When you’re feeling bad about your life and a therapist seeks to comfort you, you’ll feel good in the moment, but you won’t get better. And maybe you’ll learn to mimic the terms used in therapy to more effectively make new friends and manipulate them. Either way, things get worse, and not just for you, personally. We all suffer from the bullshit.

When you’re feeling bad about your life and someone tells you a conspiracy theory that says it’s not your fault, it’s the (insert conspiracy scapegoat here), you’ll feel good in the moment, but you won’t get better. And maybe you’ll use your new conspiracy to make new friends and blame something else for your common problems. Either way, things will get worse, and not just for you, personally.

You get my drift.

And here’s why I dragged those poor platformed film critics into this topic: One reason why modern humans get disillusioned and isolated and become vulnerable to mental illness and conspiracy theories is that they’re not entirely sure what’s true, but they can smell a phony from miles away.
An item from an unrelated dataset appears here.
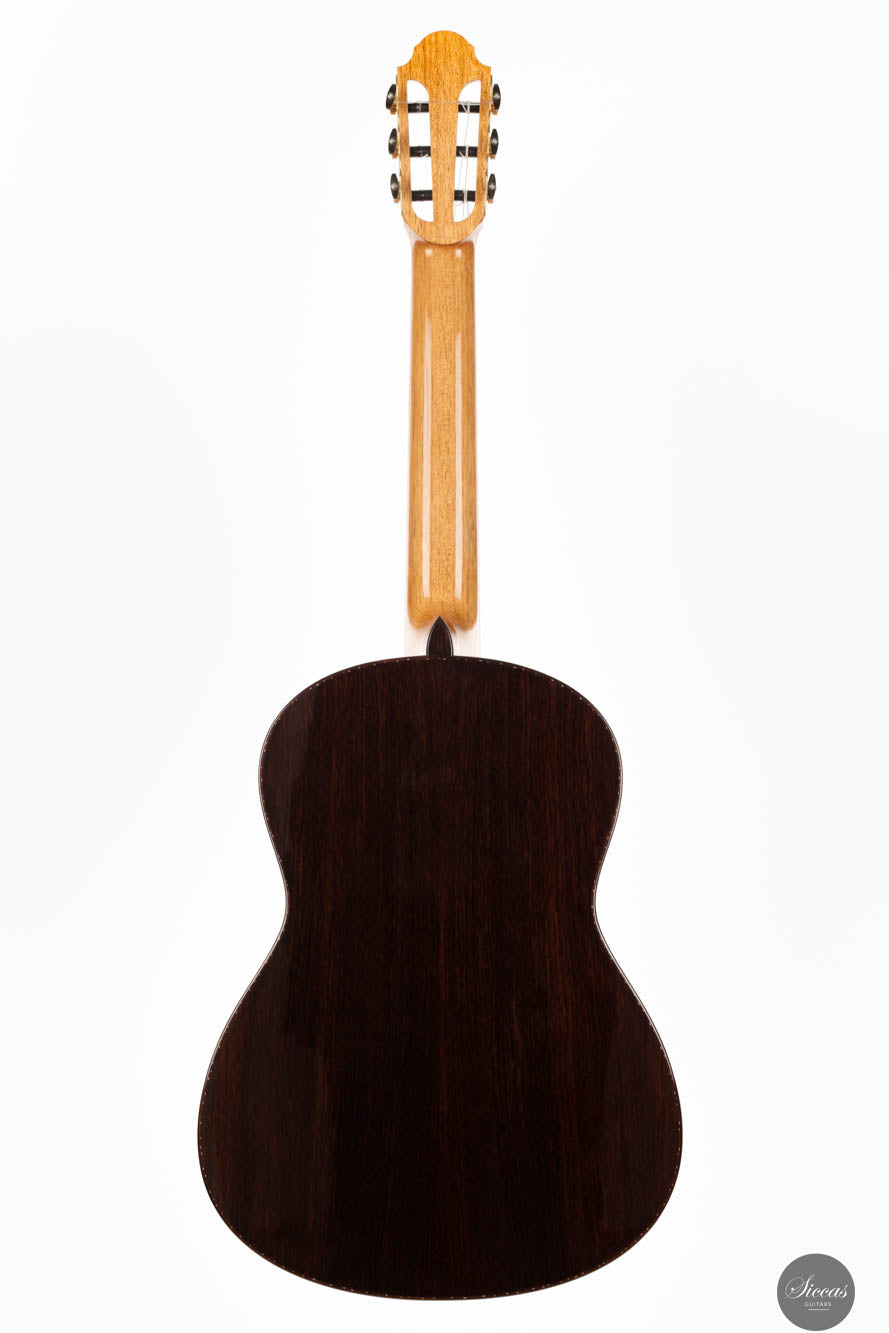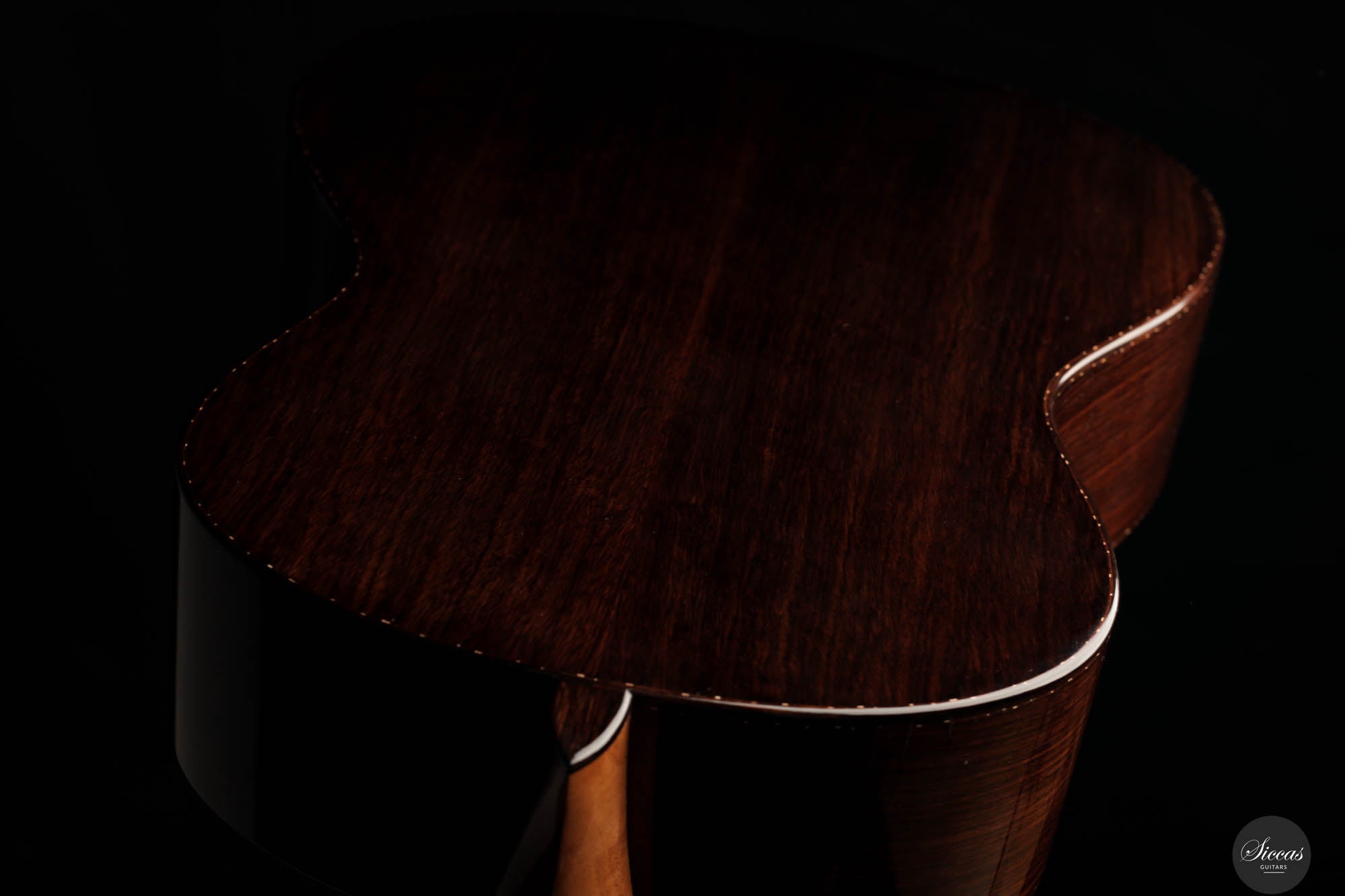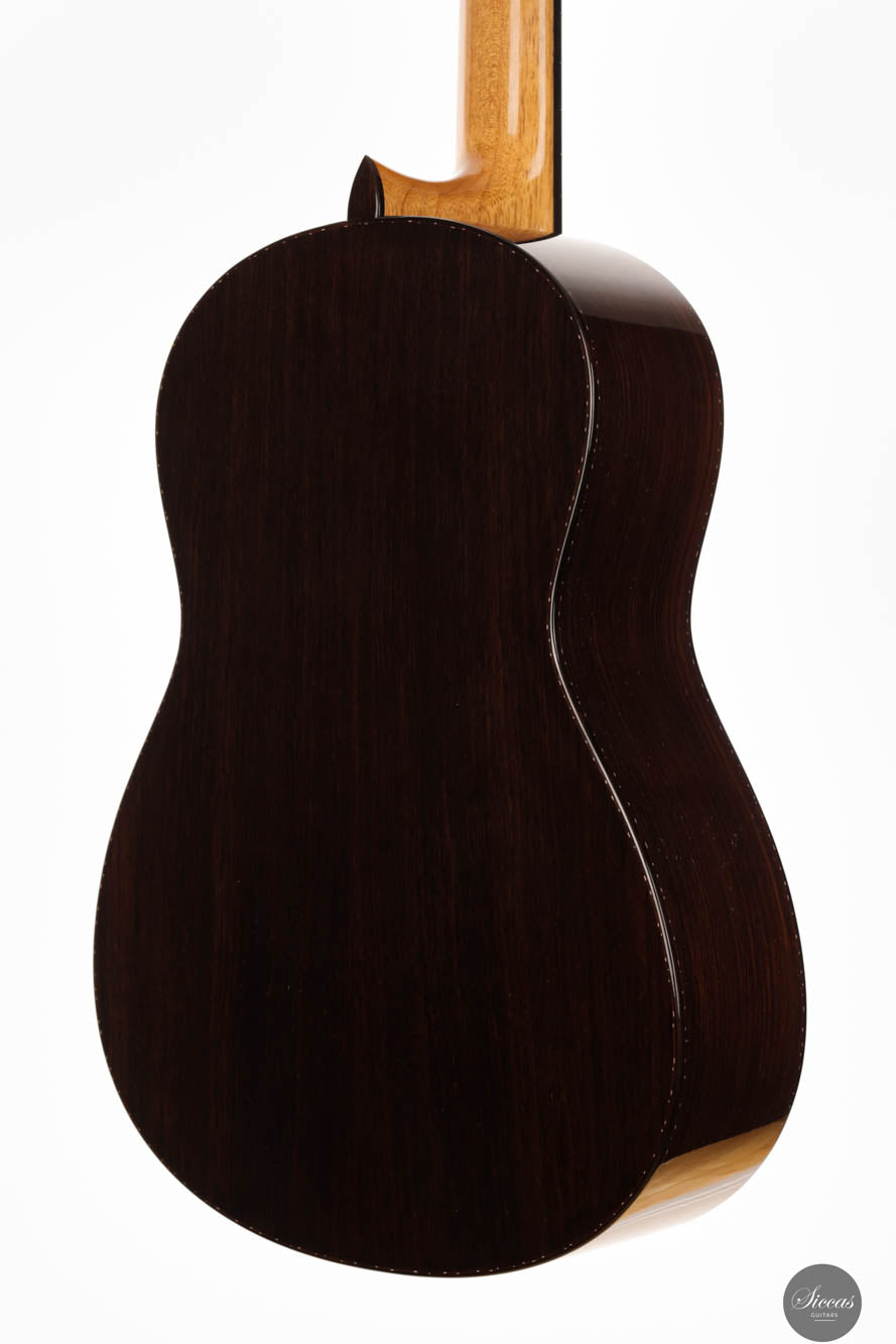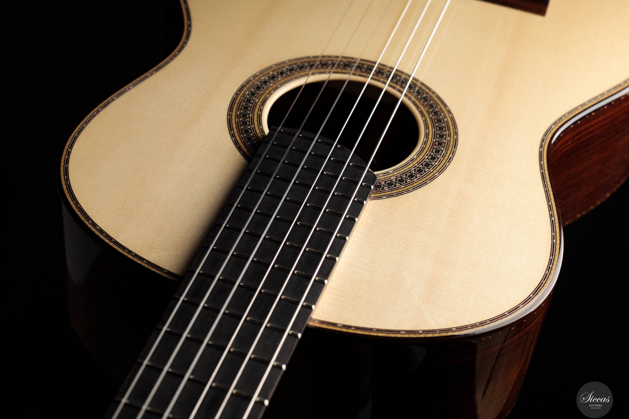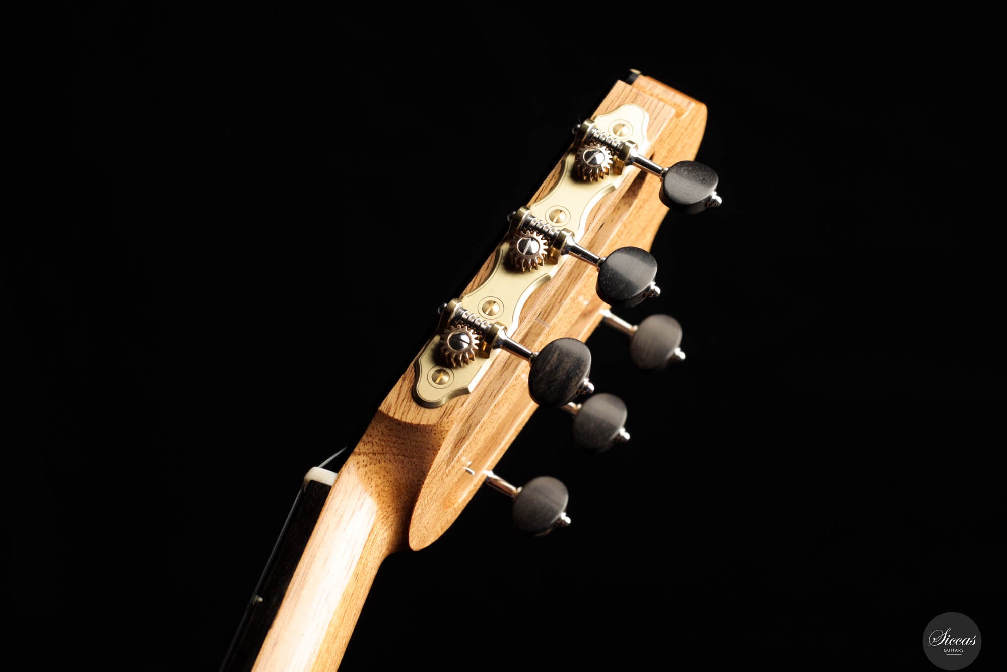 Die Gitarre Nr. 13, das Schwesterinstrument zur Nr. 14, teilt fast identische ästhetische Merkmale mit ihrem Gegenstück, wunderschön gefertigt, um sich in jedem sichtbaren Aspekt zu spiegeln. Der wahre Unterschied liegt unter der Oberfläche, wo der Gitarrenbauer Paul die Dicke der Decke variiert hat, eine experimentelle Berührung, die darauf abzielt, die akustischen Eigenschaften jeder Gitarre subtil zu beeinflussen. Diese akribische Aufmerksamkeit für Details ist Teil eines breiteren Engagements, das höchste Niveau an Handwerkskunst zu erreichen, wobei jedes Element fein auf Perfektion abgestimmt ist. Für diejenigen, die an den Einzelheiten dieser Variationen interessiert sind, bietet ein Interview mit Paul tiefere Einblicke in seinen innovativen Ansatz und hebt die subtilen, aber wirkungsvollen Unterschiede zwischen diesen beiden außergewöhnlichen Instrumenten hervor.Beide Gitarren gelten als Meisterwerke der Gitarrenbaukunst und bieten saubere und präzise akustische Qualitäten, die sie für eine breite Palette von Musikstilen geeignet machen. Die Klarheit des von diesen Instrumenten erzeugten Klangs ist besonders bemerkenswert und erleichtert die Aufführung komplexer polyphoner Werke. Diese Klarheit stellt sicher, dass jeder Ton deutlich artikuliert wird, was Musiker bei der Darstellung komplizierter musikalischer Passagen unterstützt. Ob in einer Soloaufführung oder innerhalb eines Ensembles, die Gitarren Nr. 13 und Nr. 14 bieten Musikern die Möglichkeit, ihre musikalische Vision mit Präzision zu vermitteln, und machen sie nicht nur zu Werkzeugen, sondern zu wahren Partnern im künstlerischen Prozess.

Like a film critic trying to sound relevant while writing about a movie he didn’t understand, a company that says one thing while doing the exact opposite is kinda easy to spot. We’ve been dealing with a corporation that talks a lot about “valuing the customer” but has apparently laid off most of its customer service reps and now forces you through lengthy phone trees before connecting you to a robot that will schedule a response… next week. It’s obvious bullshit, done for fairly obvious reasons: To cut costs, add subscribers, win elections, increase quarterly stock dividends.

And it may work for them. For a while. But things won’t get better.

We don’t get better — as individuals, groups, companies or countries — when our first solution to every problem is to generate some new comfortable bullshit. We may rationalize it, and there may be times when bullshit is necessary (“After several hours, Joe finally gave up on logic and reason and simply told the cabinet that he could talk to plants, and that they wanted water”), but when we come to rely on it, things will get worse.

What’s the solution? Damned if I know. But I can talk to plants, and they think most of y’all are to blame.